• **Data section**:
* * *
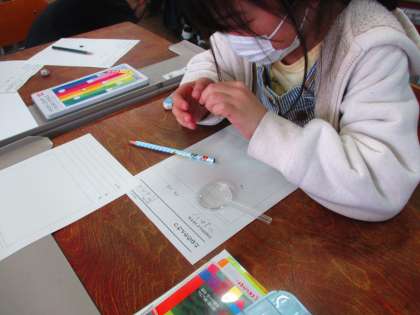 理科の交流の様子です。ひまわりとホウセンカの種を,よく見て,触って,しっかり観察し,カードにかくことができました。
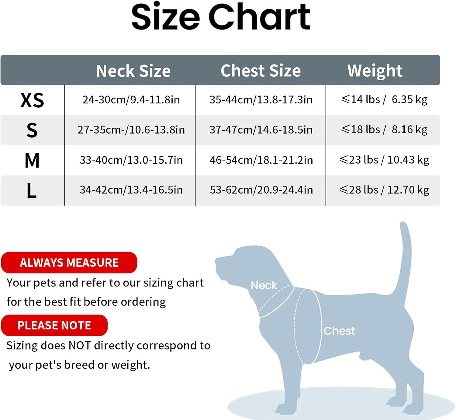 Easy to put on with secure buckle: Simply place your pet’s front legs into the harness, fasten the back Velcro, and secure with the buckle closure. For best fit, please measure your pet carefully and follow the size chart before purchasing.
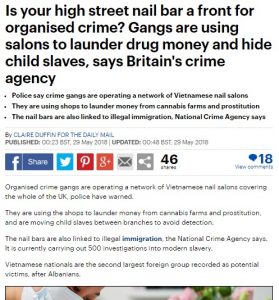 Në artikull thuhet se bandat e krimit të organizuar po veprojnë përmes salloneve vietnameze të rregullimit të thonjve, të shpërndara në të gjithë Mbretërinë e Bashkuar. Këto organizata kriminale mendohet se po përdorin sallonet për të pastruar paratë e fituara nga marijuana dhe prostitucioni, ndërsa aty bandat fshehin ‘viktimat’.
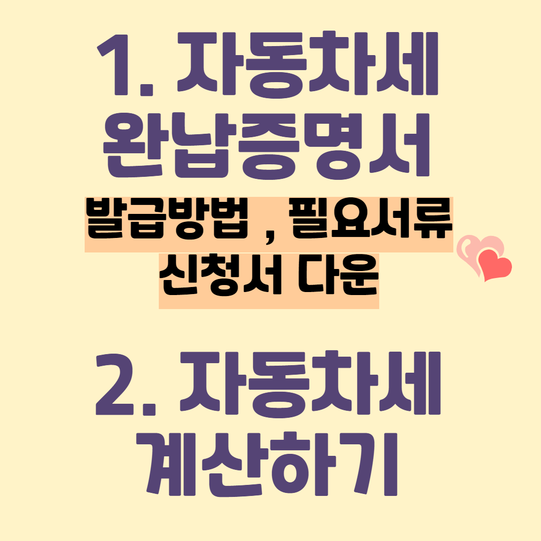 자동차 매매, 상속 등에 따라 꼭 필요한 자동차세 완납증명서(지방세 납세증명서) 발급하는 방법과 필요서류를 알려드리고, 행정복지센터 등에 방문신청 시 필요한 신청서 서식까지 첨두해 두었으니 필요하신 분은 다운받아서 작성하시길 바랍니다.
* * *
Return the whole of the material above exactly, with no picture carried over.

 理科の交流の様子です。ひまわりとホウセンカの種を,よく見て,触って,しっかり観察し,カードにかくことができました。
 Easy to put on with secure buckle: Simply place your pet’s front legs into the harness, fasten the back Velcro, and secure with the buckle closure. For best fit, please measure your pet carefully and follow the size chart before purchasing.
 Në artikull thuhet se bandat e krimit të organizuar po veprojnë përmes salloneve vietnameze të rregullimit të thonjve, të shpërndara në të gjithë Mbretërinë e Bashkuar. Këto organizata kriminale mendohet se po përdorin sallonet për të pastruar paratë e fituara nga marijuana dhe prostitucioni, ndërsa aty bandat fshehin ‘viktimat’.
 자동차 매매, 상속 등에 따라 꼭 필요한 자동차세 완납증명서(지방세 납세증명서) 발급하는 방법과 필요서류를 알려드리고, 행정복지센터 등에 방문신청 시 필요한 신청서 서식까지 첨두해 두었으니 필요하신 분은 다운받아서 작성하시길 바랍니다.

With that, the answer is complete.